The prototype WFL

I wasn’t a history major in college, nor did I ever work for the World Football League. But when it comes to the history of the WFL, I’ve always considered myself to have a pretty good working knowledge of its timeline.

Yet when you let research take you in whatever direction it happens to go, you sometimes end up with a surprise.  And thanks to a happy accident, I recently learned something new about the formation of the league.

Scott Adamson writes stuff. Follow him on Twitter @adamsonsl

Namely, a “World Football League” was proposed by Louis P. Roberts in early 1973.

Now, you ask most people who they think conjured the idea of the World Football League and if they have a passing knowledge of it they’ll say Gary Davidson.

Look a little further, though, and you discover that Tony Razzano and Louis S. Goldman planned a global circuit about the same time as Davidson, if not before. Both groups announced their organizations in October, 1973, but Razzano and Goldman had to change the name of theirs to Universal Football League since Davidson beat them to the WFL punch when he held the first press conference among the competing leagues.

The UFL decided to step back and regroup for a 1975 spring/summer season (that never happened, with Razzano joining forces with Davidson in 1974 and eventually becoming administrative director for the Jacksonville Sharks).

But Roberts?

I had no clue, and the only reason I found out was when I was researching old newspaper clippings on an unrelated topic and just happened upon a Philadelphia Inquirer article.

The headline – World Football League May Give Boo-Birds a Choice in ‘74 – drew me in, but the date is what really caught my attention. It appeared in the newspaper’s February 27, 1973, edition, which was almost eight months before the historical WFL was introduced to the public.

According to the story, written by Gordon Forbes, Roberts was an insurance executive based in Anniston, Alabama, who was looking to line up some millionaires to invest in a 10-city World Football League. The inaugural franchises in 1974 would be chosen from Birmingham, Chicago, Dallas, Detroit, Honolulu, Jacksonville, Jersey City, Los Angeles, Memphis, Mexico City, New York, Philadelphia, Phoenix, Seattle, Tulsa and Wichita.

“The cost of a team will be at least $5 million,” Roberts told the Inquirer. “But we prefer the man to have $10 million in backup capital. We expect to line up eight to 10 teams in the next few months and sign the articles of association.”

Apparently Roberts had placed an advertisement looking for investors sometime in 1972, and gave the newspaper a list of several big money business figures he had either already contacted or hoped to get in touch with.

One of special interest to me was Hugh Morrow III, a wealthy Birmingham banker and politician who had been trying to bring big-time pro football to the Magic City since the 1960s. However, he had no interest in the WFL and said Roberts was trying to pull off what American Football League founder Lamar Hunt had done.

“He’s playing the same game Lamer did,” Morrow told the Inquirer. “But he hasn’t got the muscle Lamar has. Very few of us do. Our particular organization is not interested in his league, just the NFL. We feel that’s where our Birmingham commitment is.

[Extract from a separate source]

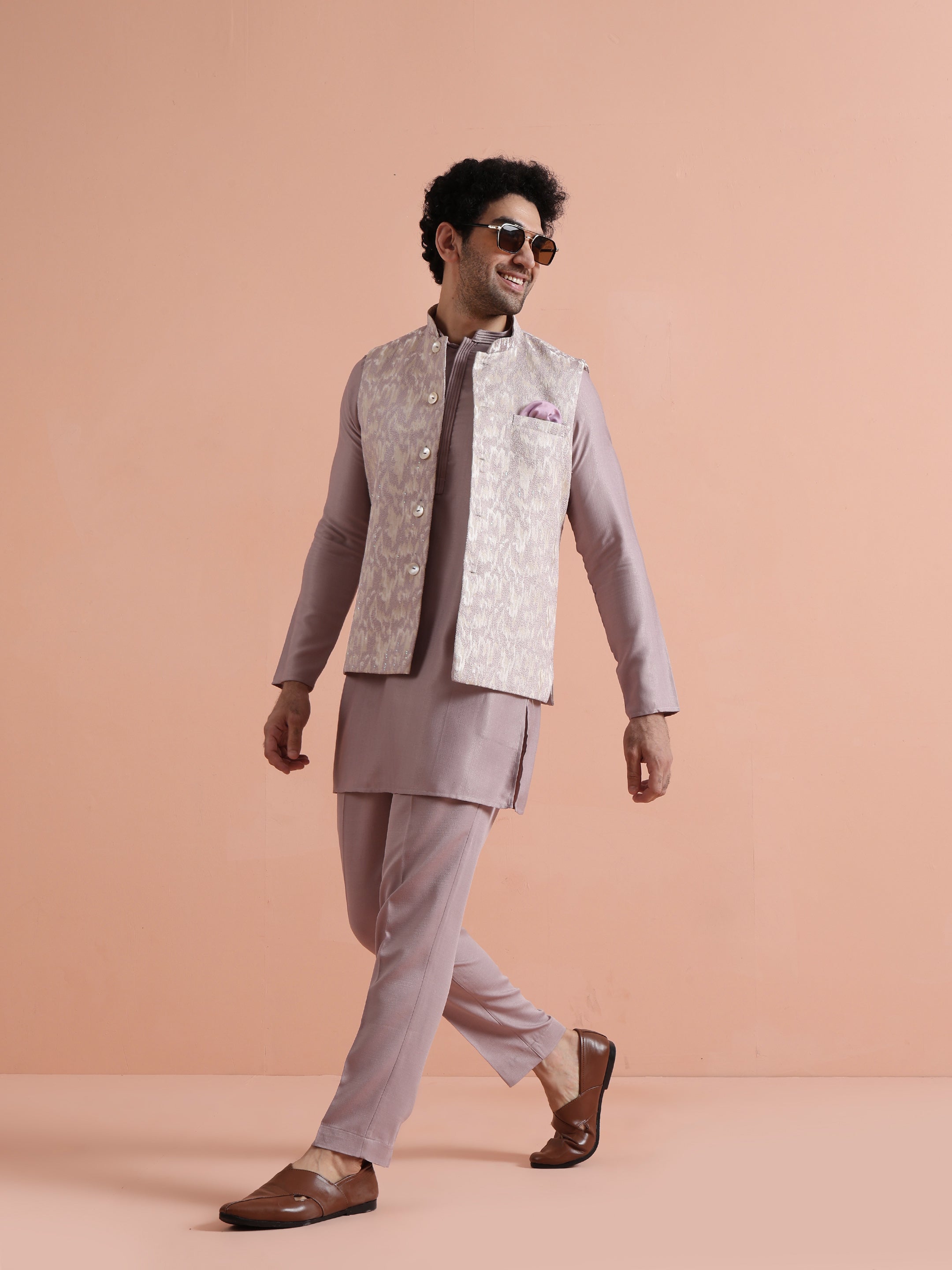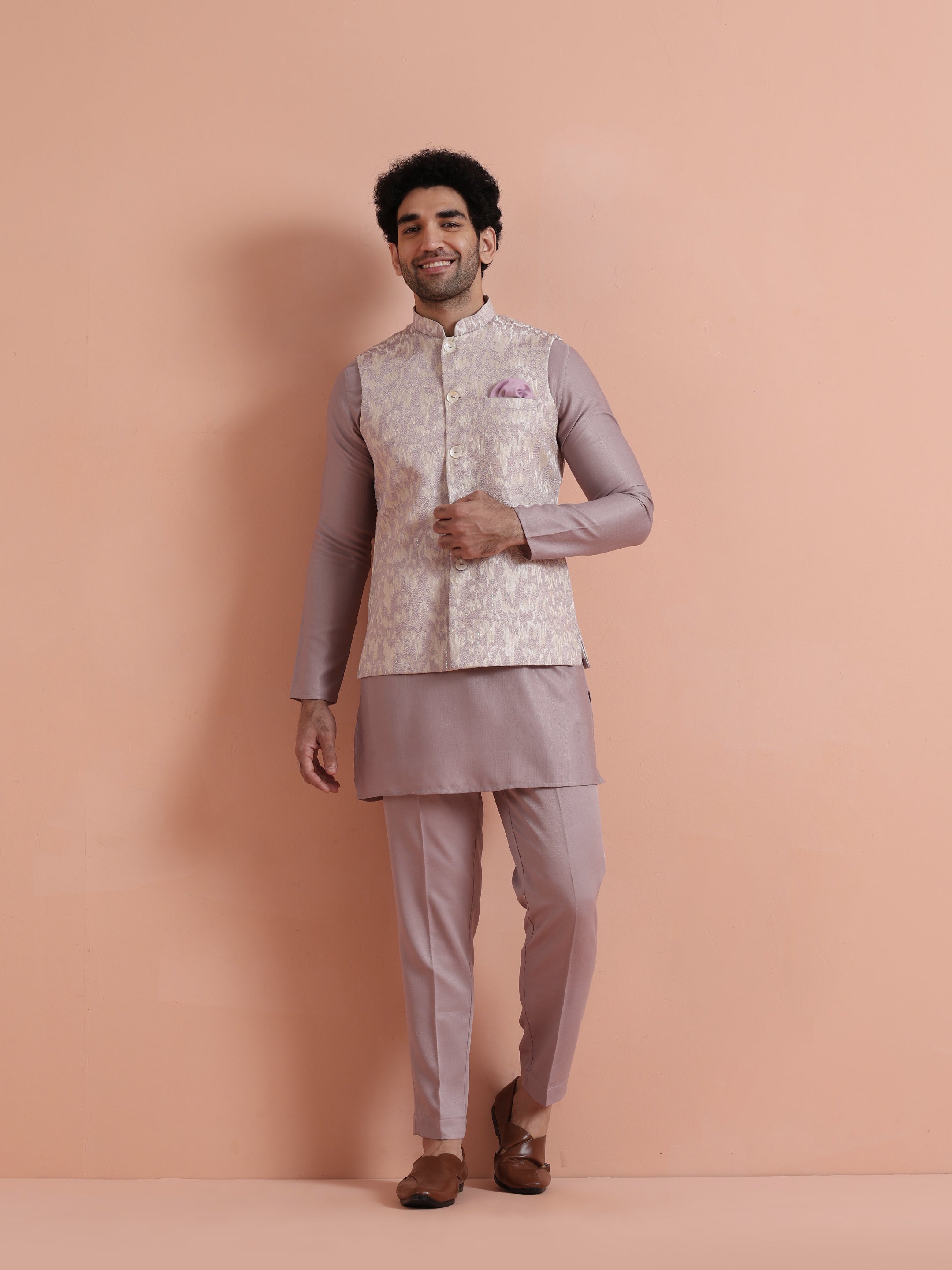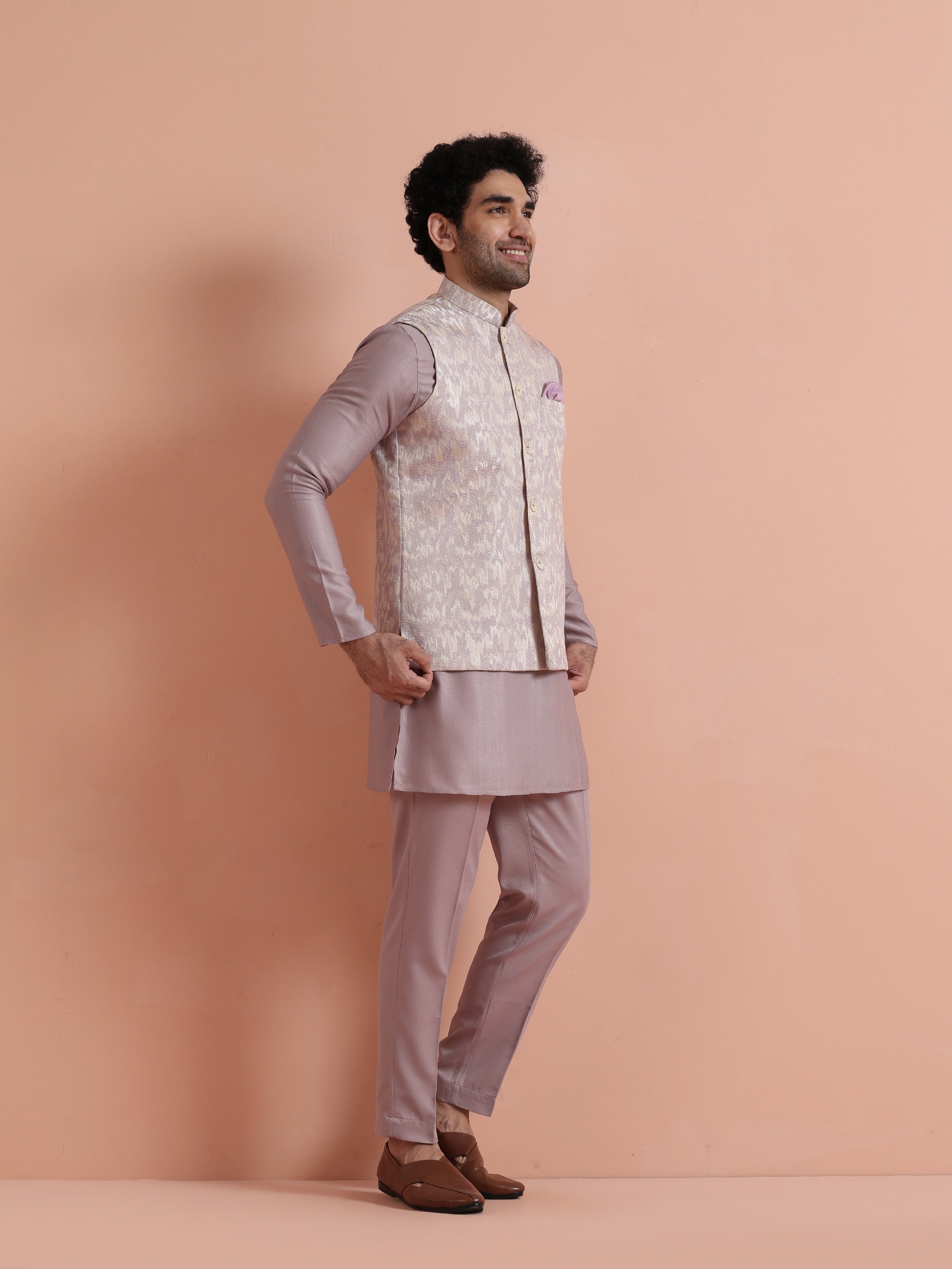 Mauve silk blend kurta with woven textured Nehru jacket and matching trouser stylish pastel kurta jacket set perfect for festive and wedding occasions.

“We know we’re competing with Tampa and Memphis (for an NFL expansion team) but we still think this town is a real hotspot for professional football.”

Zip Viracola, a Dallas businessman who had played for Vince Lombardi at Fordham as well as Washington and Green Bay in the NFL, said he wanted to make sure the WFL would have a national TV contract before making a commitment.

“Starting a football league isn’t that easy,” he said. “If you don’t have a TV contract, you might as well start another Continental League, be another Pottstown.”

Jump to October 23, 1974, and Davidson announces that the World Football League would play in 1974, with Chicago getting the first franchise and New York, Honolulu, Toronto, Boston, Los Angeles and possibly Tokyo expected to join soon.

One man not at the press conference was Roberts.

The WFL started without him – and without any acknowledgment that he had a World Football League in the works.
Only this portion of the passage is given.